Centres d’appel, PSA : le patriotisme économique, une hypocrisie à bout de souffle ?

La situation de PSA et la délocalisation du centre d’appel de la Stif au Maroc sont actuellement au coeur de l’actualité. Avec le nouveau gouvernement, la France est à la croisée des chemins en terme de politique économique. Et si le patriotisme économique « à la française » n’était qu’une hypocrisie ? Explications d’Abdelmalek Alaoui.

MADE IN FRANCE. Vu du Maghreb, les débats économiques récents dans l’hexagone autour de la restauration d’un certain "patriotisme économique" à la française, sur fond de crise de l’automobile et de volonté de rapatrier les centres de relation client d’Afrique du Nord inquiètent, autant qu’ils peuvent prêter à sourire.

En effet, l’on sent que la France est à la croisée des chemins en termes de doctrine économique, et que l’argumentaire avancé notamment par le ministre du Redressement productif, Arnaud Montebourg, montre plusieurs limites.

Ceci n’empêche cependant pas le ministre de déployer cette énergie qui le caractérise tant pour défendre une vision qui ne résiste pas à un examen critique de la projection de la France dans son espace géoéconomique.

Les mauvaises inspirations de PSA

Prenons tout d’abord l’exemple de PSA. De nombreux experts s’accordent à dire que la situation difficile du constructeur tricolore est en grande partie due à son refus de s’internationaliser et de construire des alliances qui lui auraient permis, à l’instar de Renault, d’amortir le choc de la baisse de la demande.

Le positionnement fort de PSA sur un marché étriqué a encore plus pénalisé le constructeur, qui pêche en quelque sorte, par excès de "patriotisme économique". Pourtant, Peugeot aurait dû être alerté par l’option stratégique radicalement différente prise par Carlos Ghosn, PDG de l’alliance Renault-Nissan. Cette stratégie a consisté à faire de l’alliance avec Nissan un pilier de la compétitivité du groupe, à laquelle Renault a adjoint une politique de construction d‘usines "régionales" en Europe de l’Est ou au Maghreb pour profiter des écarts de valeur.

À ce jour, cette vision a montré qu’elle était beaucoup plus pérenne que celle poursuivie par PSA.

En effet, malgré tous ses efforts pour rester en France et promouvoir le "made in France", PSA n’aura réussi ni à s’attirer les bonnes grâces de l’exécutif, ni à retrouver les chemins de la croissance. C’est donc en quelque sorte une "double peine" qui s’abat sur le constructeur français, accusé – un peu à la hâte – de sacrifier l’emploi sur l’autel de la productivité.
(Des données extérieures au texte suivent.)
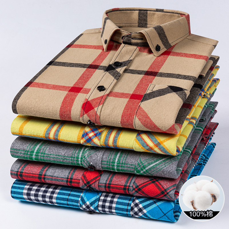 Winter Men’s Plaid Casual Shirts Cotton Warm Flannel Long Sleeve Front Pocket Fashion Clothing Businessman Daily Shirts Easycare

Le paradoxe des relocalisations

Ce discours est dangereux pour la compétitivité de la France, et confine parfois à la facilité intellectuelle voire à l’hypocrisie, notamment lorsqu’il passe de l’automobile au rapatriement des emplois dans les centres de relations clients. Ainsi, la dernière information faisant état du choix du Maroc pour gérer les appels des usagers par l’établissement public qui organise les transports en Ile de France, le STIF, a soulevé une levée de boucliers, notamment de la part de la société Webhelp, qui exploitait jusque-là ce marché.

Or, cette même société est le premier exploitant de centres d’appels…au Maroc, devant les opérateurs locaux du Royaume, ce qui signifie que les bénéfices confortables qu’elle réalise chaque année grâce aux faibles coûts du travail au Maghreb reviennent à ses actionnaires français, qui eux-mêmes sont taxés sur ces revenus par l’Etat.

Il y a donc là un véritable paradoxe, un double discours de la part des dirigeants de cette société, mais également de la part du gouvernement français.

En effet, le débat sur les centres d’appels et leur "relocalisation" est récurrent, et Laurent Wauquiez, alors ministre du gouvernement Fillon à l’été 2011, avait vite abandonné le projet de rapatrier les centres d’appel en France devant les aberrations économiques qu’il pouvait potentiellement générer.

Montebourg, rattrapé par la réalité

En effet, comment demander au Maghreb d’acheter des TGV et des tramways français, lorsque l’Hexagone refuserait en même temps à ces pays de continuer à exploiter un secteur économique – les centres de relations client – dans lesquels ils ont un avantage concurrentiel certain?

C’est là un aspect du problème qu’Arnaud Montebourg semble avoir sous-estimé jusque là, croyant probablement qu’il pourrait substituer l’énergie et le volontarisme au réalisme mondialisé.

Retrouver de la compétitivité et de la croissance en France passera par la formulation d’une vraie politique industrielle tricolore à long terme, faite d’audace et d’innovation, et non de récriminations à l’encontre de pays qui sont souvent, par ailleurs, des clients du commerce extérieur français. C’est uniquement à cette condition que la France retrouvera son dynamisme économique.